Metadata-Version: 2.1
Name: kappadata
Version: 0.0.8
Summary: pytorch dataset wrappers for in-memory caching
Home-page: https://github.com/BenediktAlkin/KappaData
Project-URL: Source Code, https://github.com/BenediktAlkin/KappaData
Project-URL: Bug Tracker, https://github.com/BenediktAlkin/KappaData/issues
Classifier: Programming Language :: Python :: 3
Classifier: License :: OSI Approved :: MIT License
Classifier: Operating System :: OS Independent
Requires-Python: >=3.6
Description-Content-Type: text/markdown
License-File: LICENSE

# KappaData

[![publish](https://github.com/BenediktAlkin/KappaData/actions/workflows/publish.yaml/badge.svg)](https://github.com/BenediktAlkin/KappaData/actions/workflows/publish.yaml)

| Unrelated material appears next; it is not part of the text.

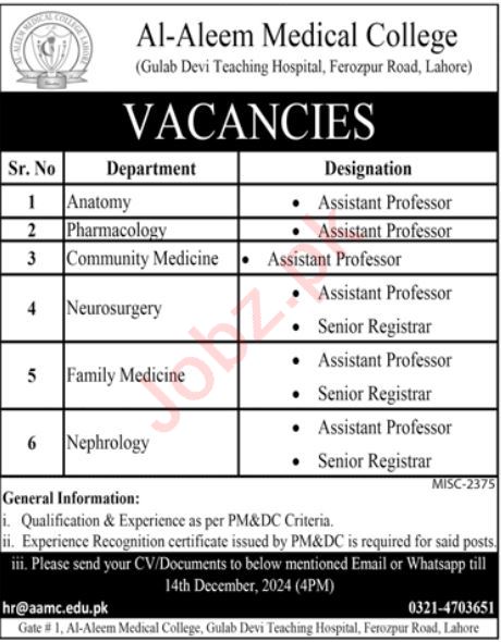 Vacancies in Al Aleem Medical College Advertisement December 2024
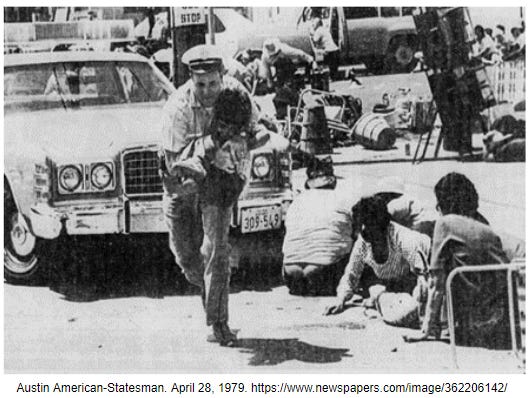Schwab, R. (1979, April 28). Sniper’s Bullets Shatter Fiesta. Austin American - Statesman, 1 & 10. https://www.newspapers.com/image/362206142/ ; https://www.newspapers.com/image/362207995

Utilities for [datasets and dataloading](https://pytorch.org/tutorials/beginner/basics/data_tutorial.html) with [pytorch](https://pytorch.org/)
- modular datasets
- caching datasets in-memory
- various dataset filters and other manipulation (filter by class, limit size to a %, ...)

### Modular datasets
[pytorch datasets](https://pytorch.org/tutorials/beginner/basics/data_tutorial.html) load all data in the `__getitem__`.
KappaData decouples the `__getitem__` such that single properties of the dataset can be loaded independently.
#### Image classification dataset example
Let's take an image classification dataset as an example. A sample consists of an image with an associated class label.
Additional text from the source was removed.